** DATA FOR REVIEW follows **

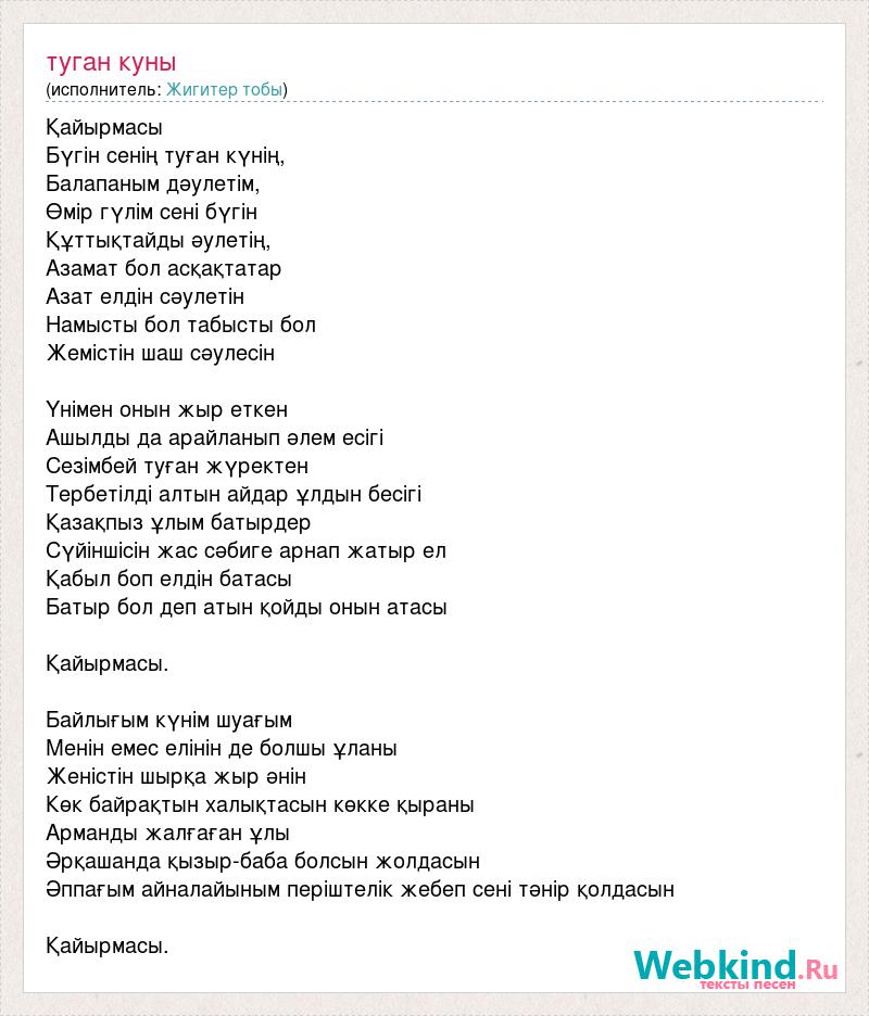 Қайырмасы Бүгін сенің туған күнің, Балапаным дәулетім, Өмір гүлім сені бүгін Құттықтайды әулетің, Азамат бол асқақтатар Азат елдін сәулетін Намысты бол табысты бол Жемістін шаш сәулесін Үнімен онын жыр еткен Ашылды да арайланып әлем есігі Сезімбей туған жүректен Тербетілді алтын айдар ұлдын бесігі Қазақпыз ұлым батырдер Сүйіншісін жас сәбиге арнап жатыр ел Қабыл боп елдін батасы Батыр бол деп атын қойды онын атасы Қайырмасы. Байлығым күнім шуағым Менін емес елінін де болшы ұланы Женістін шырқа жыр әнін Көк байрақтын халықтасын көкке қыраны Арманды жалғаған ұлы Әрқашанда қызыр-баба болсын жолдасын Әппағым айналайыным періштелік жебеп сені тәнір қолдасын Қайырмасы.
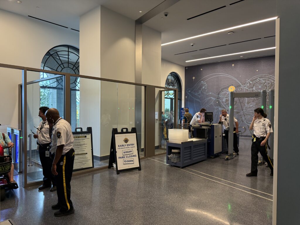 Dentro do próprio hotel tem uma passagem para o parque e tanto a checagem de ingressos quanto de segurança das bolsas são feitas dentro do hotel, fazendo com que você evite as filas da entrada do parque.
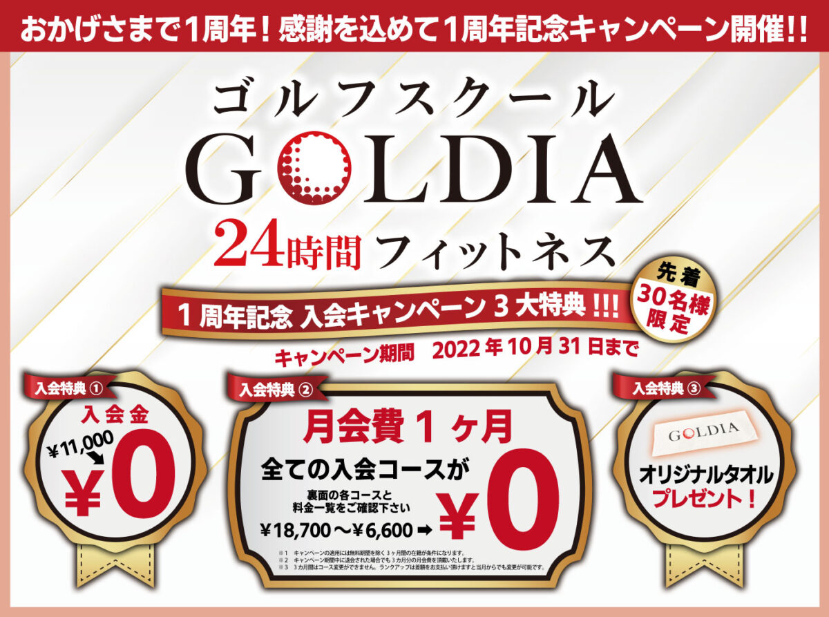 松原市にあるGOLDIA松原では、1周年記念 入会キャンペーンを実施中!
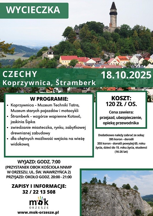 Wyjazd zaplanowano na godzinę 7:00 z przystanku obok kościoła NNMP w Orzeszu (ul. Św. Wawrzyńca 2), a powrót przewidywany jest między 20:00 a 21:00. Podczas wycieczki uczestnicy odwiedzą Koprzywnicę, gdzie będą mieli okazję zwiedzić Muzeum Techniki Tatra oraz Muzeum Starych Pojazdów i Motocykli. Kolejnym punktem programu będzie Štramberk, słynący z wzgórza wapiennego Kotouč, jaskini Šipka oraz zabytkowej drewnianej zabudowy. Dla chętnych przewidziana jest możliwość wejścia na wieżę widokową, z której rozciąga się przepiękna panorama okolicy.
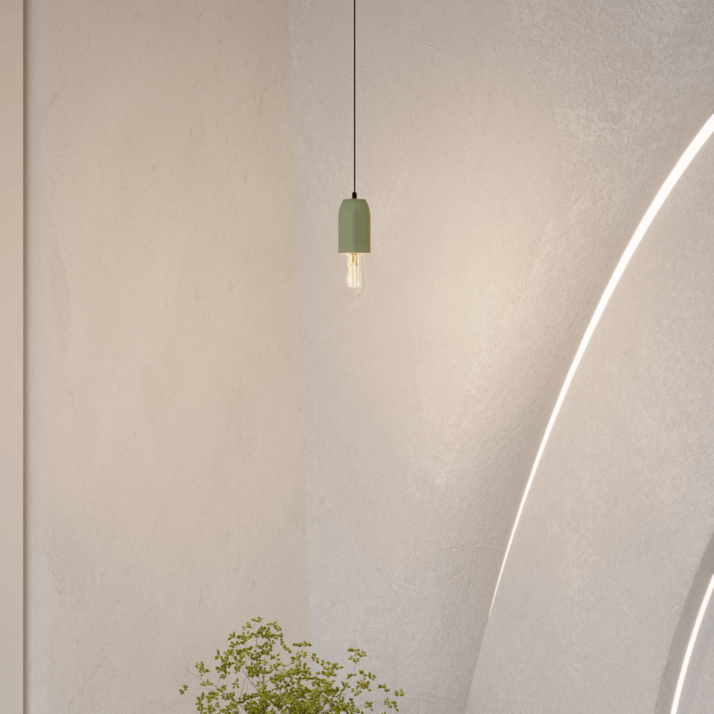 علاقي إنارة مفرد اسمنتي بتصميم عصري بسيط يناسب ديكورات المطاعم والمطابخ العصرية، بملمس أسمنتي أنيق يضفي طابعًا صناعيًا حديثًا ويُركّب عليه لمبة ليد من نوع E27 موفرة للطاقة.
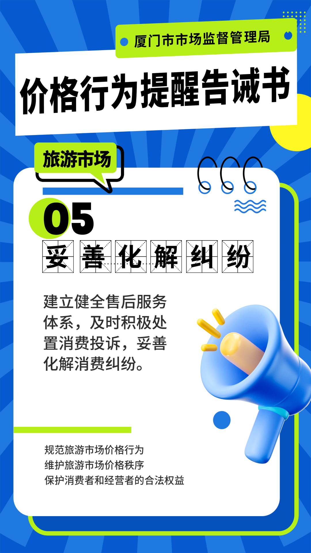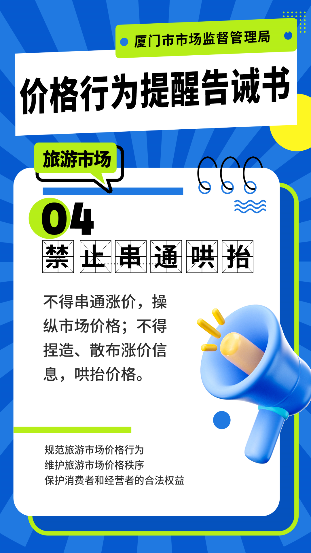 參會酒店、民宿協(xié)會和平臺經(jīng)營者也介紹了近期客房預(yù)訂及價格情況,各連鎖酒店假日期間客房價格受供求關(guān)系影響有較高幅度上漲,但均能落實明碼標價、誠信經(jīng)營,平臺企業(yè)也表示將落實主體責任,持續(xù)關(guān)注線上酒店客房價格形勢,及時啟動預(yù)警機制,保護好消費者權(quán)益。 現(xiàn)場,參會主體現(xiàn)場簽署價格行為合規(guī)承諾書,向社會公開承諾嚴格守法經(jīng)營,做到明碼標價、誠信經(jīng)營,合理定價,共同維護好廈門市旅游市場價格秩序。 下一步,市市場監(jiān)管局將進一步加大旅游市場價格監(jiān)督檢查力度,節(jié)日期間持續(xù)關(guān)注旅游市場價格形勢和投訴舉報情況,安排力量增加檢查頻次,嚴肅查處各類價格違法行為,及時查處和曝光情節(jié)嚴重、性質(zhì)惡劣的典型案例,營造良好旅游消費環(huán)境。 |
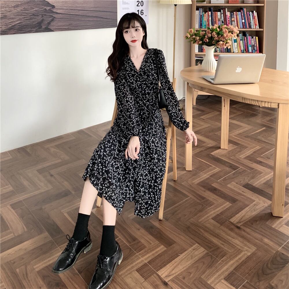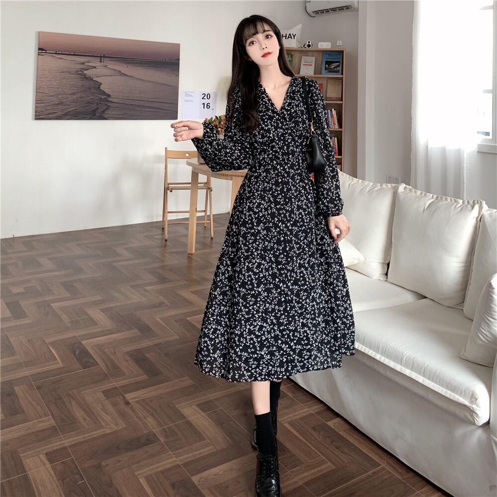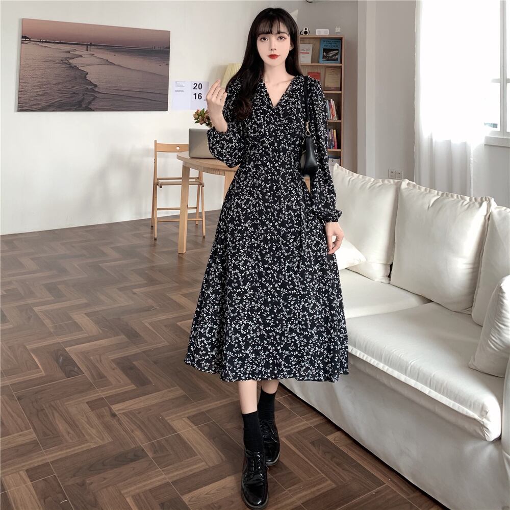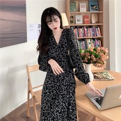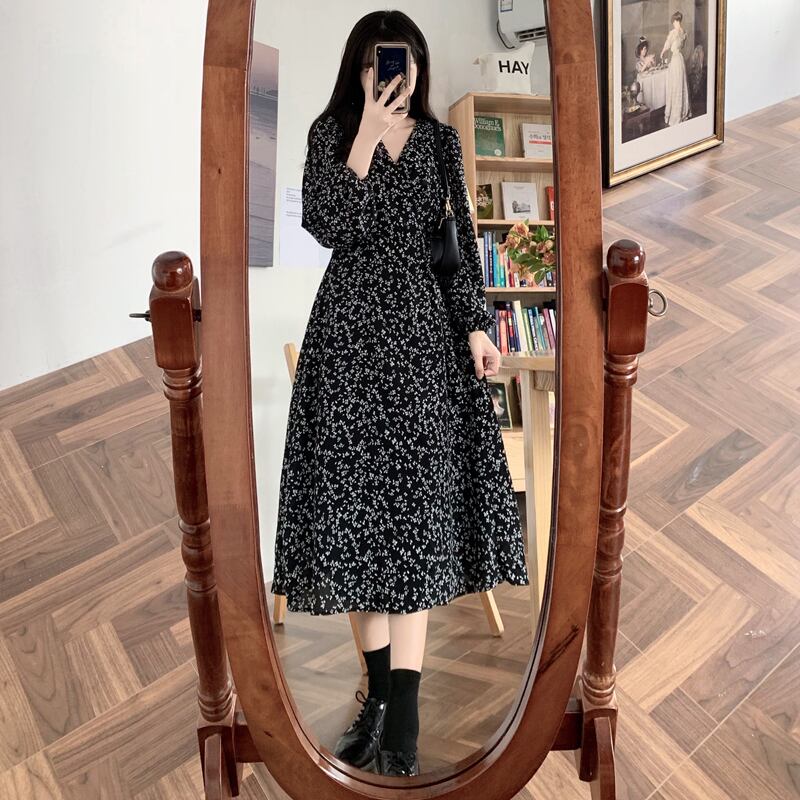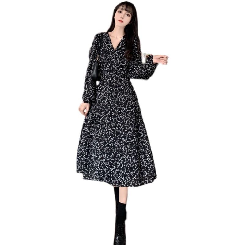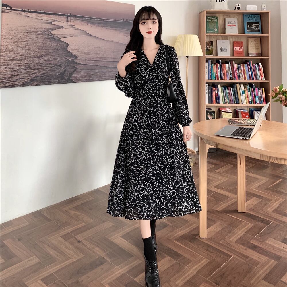 ワンピース カットソー プルオーバー フレアワンピース 膝丈 膝下 袖あり 長袖 パフスリーブ Vネック フレア Aライン シフォン 大人可愛い 大人 エスニック 小花柄 春 夏 秋 20代 30代 40代 通勤 お出かけ サイズ M L XL 2XL 3XL 4XL 大きいサイズ 色展開 ブラック | Raforea
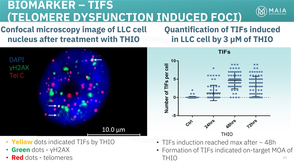 BIOMARKER – TIFS (TELOMERE DYSFUNCTION INDUCED FOCI) Confocal microscopy image of LLC cell Quantification of TIFs induced nucleus after treatment with THIO in LLC cell by 3 µM of THIO DAPI γH2AX Tel C THIO • Yellow dots indicated TIFs by THIO • TIFs induction reached max after ~ 48h • Green dots - γH2AX • Formation of TIFs indicated on-target MOA of 19 • Red dots - telomeres THIO
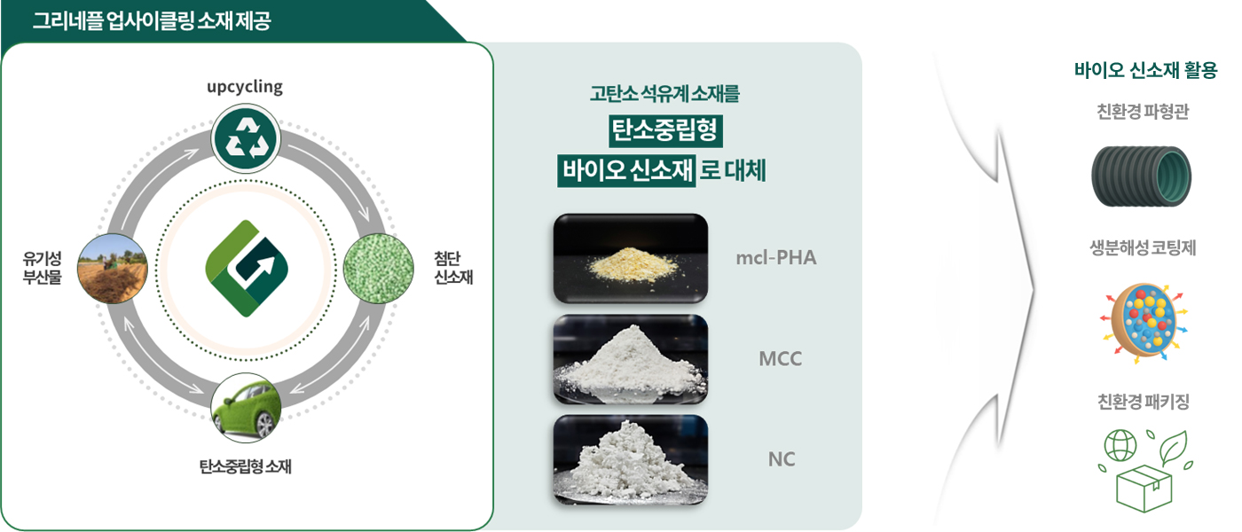 그리네플은 Closed-loop형 청정생산공정을 통해 기후변화에 대응할 수 있는 자원순환형 바이오 신소재를 공급합니다.
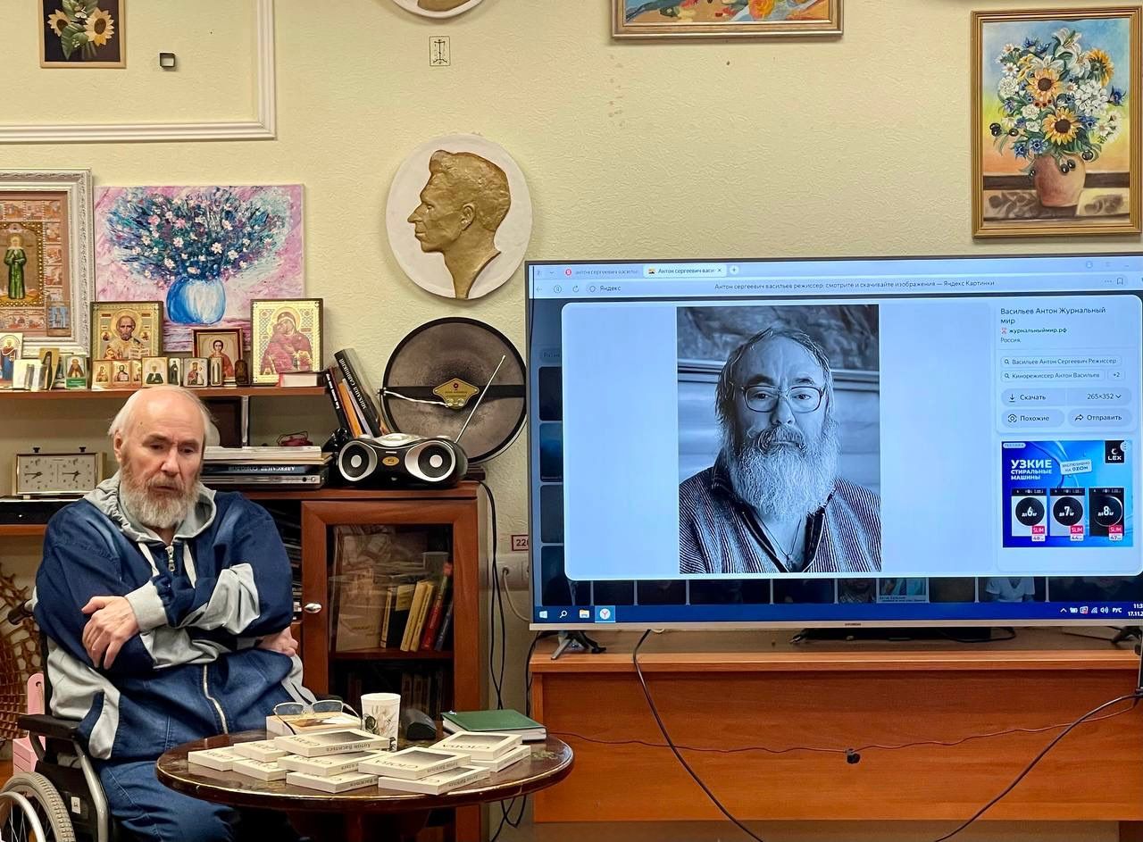 В нашем Геронтологическом центре прошла очередная встреча литературного кружка «Поэтические встречи», и на этот раз она стала по-настоящему особенной. Гостем и главным героем вечера стал удивительный человек, наш житель - Антон Сергеевич Васильев. Антон Сергеевич - личность многогранная и талантливая - известный российский режиссер, сценарист, поэт, эколог и публицист. В теплой, дружеской обстановке Антон Сергеевич поделился с нами яркими историями из своей насыщенной творческой и личной жизни, рассказал о своей работе в кино, вспоминая такие любимые фильмы, как «Блажной», «Красиво жить не запретишь», «По траве босиком» и глубокую философскую ленту «Поднимаю глаза свои к небу» 🎞.
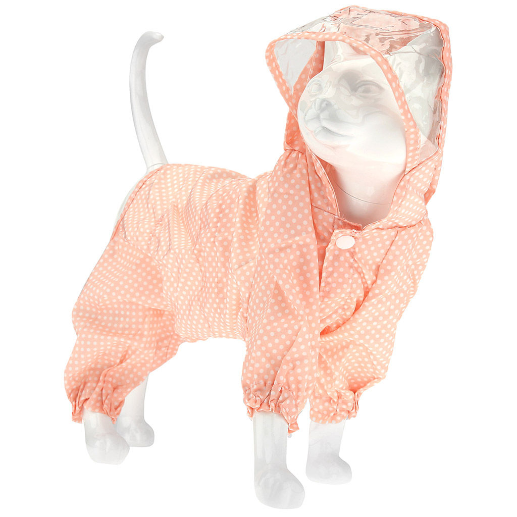 "Пэт тойс (Pet toys)" Одежда для собаки "Комбинезон" "Горошек" с капюшоном, прозрачный ПВХ козырек, на кнопках р-р L, длина спинки 30см/обхват груди 42см/обхват шеи 36см, цвет-персиковый, плащевка (Китай)

** End of DATA FOR REVIEW **

**DIRECTIONS FOR THIS TASK**
Transcribe every entry exactly, omitting pictures.

**ANSWER AREA**
 Қайырмасы Бүгін сенің туған күнің, Балапаным дәулетім, Өмір гүлім сені бүгін Құттықтайды әулетің, Азамат бол асқақтатар Азат елдін сәулетін Намысты бол табысты бол Жемістін шаш сәулесін Үнімен онын жыр еткен Ашылды да арайланып әлем есігі Сезімбей туған жүректен Тербетілді алтын айдар ұлдын бесігі Қазақпыз ұлым батырдер Сүйіншісін жас сәбиге арнап жатыр ел Қабыл боп елдін батасы Батыр бол деп атын қойды онын атасы Қайырмасы. Байлығым күнім шуағым Менін емес елінін де болшы ұланы Женістін шырқа жыр әнін Көк байрақтын халықтасын көкке қыраны Арманды жалғаған ұлы Әрқашанда қызыр-баба болсын жолдасын Әппағым айналайыным періштелік жебеп сені тәнір қолдасын Қайырмасы.
 Dentro do próprio hotel tem uma passagem para o parque e tanto a checagem de ingressos quanto de segurança das bolsas são feitas dentro do hotel, fazendo com que você evite as filas da entrada do parque.
 松原市にあるGOLDIA松原では、1周年記念 入会キャンペーンを実施中!
 Wyjazd zaplanowano na godzinę 7:00 z przystanku obok kościoła NNMP w Orzeszu (ul. Św. Wawrzyńca 2), a powrót przewidywany jest między 20:00 a 21:00. Podczas wycieczki uczestnicy odwiedzą Koprzywnicę, gdzie będą mieli okazję zwiedzić Muzeum Techniki Tatra oraz Muzeum Starych Pojazdów i Motocykli. Kolejnym punktem programu będzie Štramberk, słynący z wzgórza wapiennego Kotouč, jaskini Šipka oraz zabytkowej drewnianej zabudowy. Dla chętnych przewidziana jest możliwość wejścia na wieżę widokową, z której rozciąga się przepiękna panorama okolicy.
 علاقي إنارة مفرد اسمنتي بتصميم عصري بسيط يناسب ديكورات المطاعم والمطابخ العصرية، بملمس أسمنتي أنيق يضفي طابعًا صناعيًا حديثًا ويُركّب عليه لمبة ليد من نوع E27 موفرة للطاقة.
 參會酒店、民宿協(xié)會和平臺經(jīng)營者也介紹了近期客房預(yù)訂及價格情況,各連鎖酒店假日期間客房價格受供求關(guān)系影響有較高幅度上漲,但均能落實明碼標價、誠信經(jīng)營,平臺企業(yè)也表示將落實主體責任,持續(xù)關(guān)注線上酒店客房價格形勢,及時啟動預(yù)警機制,保護好消費者權(quán)益。 現(xiàn)場,參會主體現(xiàn)場簽署價格行為合規(guī)承諾書,向社會公開承諾嚴格守法經(jīng)營,做到明碼標價、誠信經(jīng)營,合理定價,共同維護好廈門市旅游市場價格秩序。 下一步,市市場監(jiān)管局將進一步加大旅游市場價格監(jiān)督檢查力度,節(jié)日期間持續(xù)關(guān)注旅游市場價格形勢和投訴舉報情況,安排力量增加檢查頻次,嚴肅查處各類價格違法行為,及時查處和曝光情節(jié)嚴重、性質(zhì)惡劣的典型案例,營造良好旅游消費環(huán)境。 |
 ワンピース カットソー プルオーバー フレアワンピース 膝丈 膝下 袖あり 長袖 パフスリーブ Vネック フレア Aライン シフォン 大人可愛い 大人 エスニック 小花柄 春 夏 秋 20代 30代 40代 通勤 お出かけ サイズ M L XL 2XL 3XL 4XL 大きいサイズ 色展開 ブラック | Raforea
 BIOMARKER – TIFS (TELOMERE DYSFUNCTION INDUCED FOCI) Confocal microscopy image of LLC cell Quantification of TIFs induced nucleus after treatment with THIO in LLC cell by 3 µM of THIO DAPI γH2AX Tel C THIO • Yellow dots indicated TIFs by THIO • TIFs induction reached max after ~ 48h • Green dots - γH2AX • Formation of TIFs indicated on-target MOA of 19 • Red dots - telomeres THIO
 그리네플은 Closed-loop형 청정생산공정을 통해 기후변화에 대응할 수 있는 자원순환형 바이오 신소재를 공급합니다.
 В нашем Геронтологическом центре прошла очередная встреча литературного кружка «Поэтические встречи», и на этот раз она стала по-настоящему особенной. Гостем и главным героем вечера стал удивительный человек, наш житель - Антон Сергеевич Васильев. Антон Сергеевич - личность многогранная и талантливая - известный российский режиссер, сценарист, поэт, эколог и публицист. В теплой, дружеской обстановке Антон Сергеевич поделился с нами яркими историями из своей насыщенной творческой и личной жизни, рассказал о своей работе в кино, вспоминая такие любимые фильмы, как «Блажной», «Красиво жить не запретишь», «По траве босиком» и глубокую философскую ленту «Поднимаю глаза свои к небу» 🎞.
 "Пэт тойс (Pet toys)" Одежда для собаки "Комбинезон" "Горошек" с капюшоном, прозрачный ПВХ козырек, на кнопках р-р L, длина спинки 30см/обхват груди 42см/обхват шеи 36см, цвет-персиковый, плащевка (Китай)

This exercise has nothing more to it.